Lynden turned to look at the box. To her relief, Mr. Coniston and the grooms were in their places atop the coach, staring warily at the third highwayman, a rugged-looking scamp guarding them with an old Brown Bess musket. The horses were nosing impatiently for forage through the pile of brush which had been used to block the roadway. The steam rising from their backs made a silvery mist in the moonlight. Lynden, ready for battle, took a step toward the young highwayman before her.
“If you’re not stupid, then why did you become a highwayman instead of entering one of the professions?” asked Lynden sternly.
“Lynnie, please,” Lorraine interrupted in a shaking voice, clinging to her sister’s elbow. “Don’t, I beg you, stir an argument with these men.

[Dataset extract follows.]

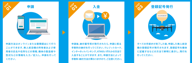 機体登録は、申請→入金→登録番号発行の流れで行います。書類申請だけでなく、オンラインでも申請可能なため簡単です。機体の種類、製造番号、重量などの情報と、使用する法人の情報は忘れずに準備しましょう。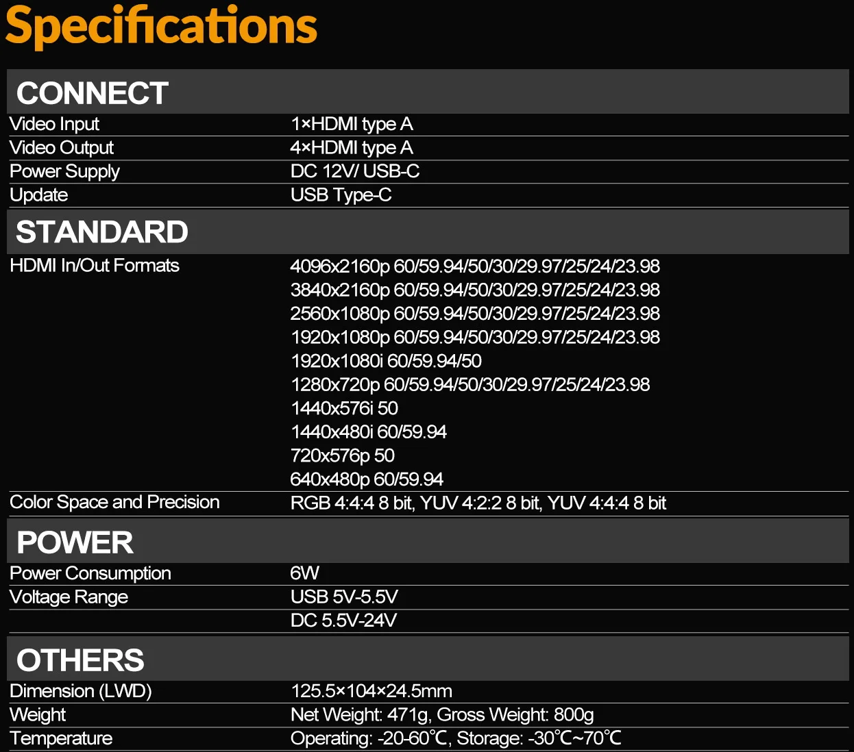 AVMATRIX SD1242-4K là một bộ chia tín hiệu mạnh mẽ và đáng tin cậy, được thiết kế để xử lý và phân phối tín hiệu video 4K/60Hz một cách mượt mà và ổn định.

You can have no idea of the circumstances. Perhaps they have wives and hungry children at home. Perhaps they’ve not been able to get work. What good purpose will it serve to anger them?” As she spoke, she stripped off one of her buff-colored kid gloves, removed a small pearl ring from her index finger, and, in a gesture of conciliation, held it out to the tall cloaked highwayman standing before Lynden. “Sir,” she said, addressing him, “will you take this please and leave us in peace? The stone is small, I know, but the quality is excellent. My father told me so when he gave it to me as a confirmation present.”